Modified: branches/quickbook-dev/tools/quickbook/src/parsers.hpp
==============================================================================
--- branches/quickbook-dev/tools/quickbook/src/parsers.hpp (original)
+++ branches/quickbook-dev/tools/quickbook/src/parsers.hpp 2012-01-29 19:06:36 EST (Sun, 29 Jan 2012)
@@ -253,6 +253,48 @@
     };
     
     lookback_gen const lookback = lookback_gen();
+
+ ///////////////////////////////////////////////////////////////////////////
+ //
+ // UTF-8 code point
+ //
+ // Very crude, it doesn't check that the code point is in any way valid.
+ // Just looks for the beginning of the next character. This is just for
+ // implementing some crude fixes, rather than full unicode support. I'm
+ // sure experts would be appalled.
+ //
+ ///////////////////////////////////////////////////////////////////////////
+
+ struct utf8_char_parser : public cl::parser<utf8_char_parser>
+ {
+ typedef utf8_char_parser self_t;
+
+ template <typename Scanner>
+ struct result
+ {
+ typedef cl::match<> type;
+ };
+
+ template <typename Scanner>
+ typename result<Scanner>::type parse(Scanner const& scan) const
+ {
+ typedef typename Scanner::iterator_t iterator_t;
+
+ if (scan.at_end()) return scan.no_match();
+
+ iterator_t save(scan.first);
+
+ do {
+ ++scan.first;
+ } while (!scan.at_end() &&
+ ((unsigned char) *scan.first & 0xc0) == 0x80);
+
+ return scan.create_match(scan.first.base() - save.base(),
+ cl::nil_t(), save, scan.first);
+ }
+ };
+
+ utf8_char_parser const utf8_char_p = utf8_char_parser();
 }
 
 #endif // BOOST_QUICKBOOK_SCOPED_BLOCK_HPP

Modified: branches/quickbook-dev/tools/quickbook/src/syntax_highlight.cpp
==============================================================================
--- branches/quickbook-dev/tools/quickbook/src/syntax_highlight.cpp (original)

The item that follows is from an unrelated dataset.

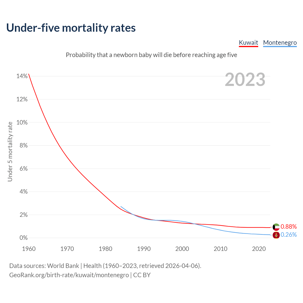 The chance that a newborn baby will die before reaching age five is 0.88% in Kuwait and 0.26% in Montenegro. Above is a chart with historical data on under-five mortality rates.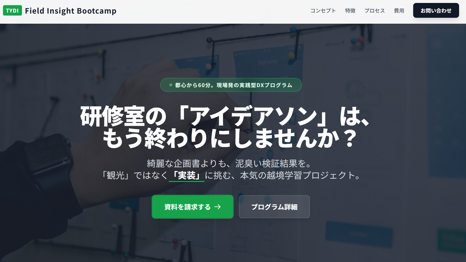 東京山側には、少子高齢化、担い手不足、事業承継、獣害、防災、観光、医療・介護、行政手続き、地域交通など、郊外・地方部と同型の課題が、生活者・事業者の現場として立ち上がっています。ここでは机上の市場調査では掴めない「なぜそうなるのか」「本当の不便はどこか」「誰が意思決定者か」といった一次情報が取れます。

+++ branches/quickbook-dev/tools/quickbook/src/syntax_highlight.cpp 2012-01-29 19:06:36 EST (Sun, 29 Jan 2012)
@@ -287,7 +287,7 @@
                     | string_ [span("string")]
                     | char_ [span("char")]
                     | number [span("number")]
- | cl::repeat_p(1)[cl::anychar_p] [unexpected_char]
+ | utf8_char_p [unexpected_char]
                     )
                     ;
 
@@ -362,7 +362,7 @@
                     = +cl::chset_p("~!%^&*()+={[}]:;,<.>?/|\\-")
                     ;
 
- string_char = ('\\' >> cl::anychar_p) | (cl::anychar_p - '\\');
+ string_char = ('\\' >> utf8_char_p) | (cl::anychar_p - '\\');
 
                 string_
                     = !cl::as_lower_d['l'] >> cl::confix_p('"', *string_char, '"')
@@ -442,7 +442,7 @@
                     | special [span("special")]
                     | string_ [span("string")]
                     | number [span("number")]
- | cl::repeat_p(1)[cl::anychar_p] [unexpected_char]
+ | utf8_char_p [unexpected_char]
                     )
                     ;
 
@@ -498,7 +498,7 @@
                     = ! string_prefix >> (long_string | short_string)
                     ;
 
- string_char = ('\\' >> cl::anychar_p) | (cl::anychar_p - '\\');
+ string_char = ('\\' >> utf8_char_p) | (cl::anychar_p - '\\');
             
                 short_string
                     = cl::confix_p('\'', * string_char, '\'') |
@@ -564,7 +564,7 @@
                     =
                     *( macro
                     | escape
- | cl::repeat_p(1)[cl::anychar_p] [plain_char]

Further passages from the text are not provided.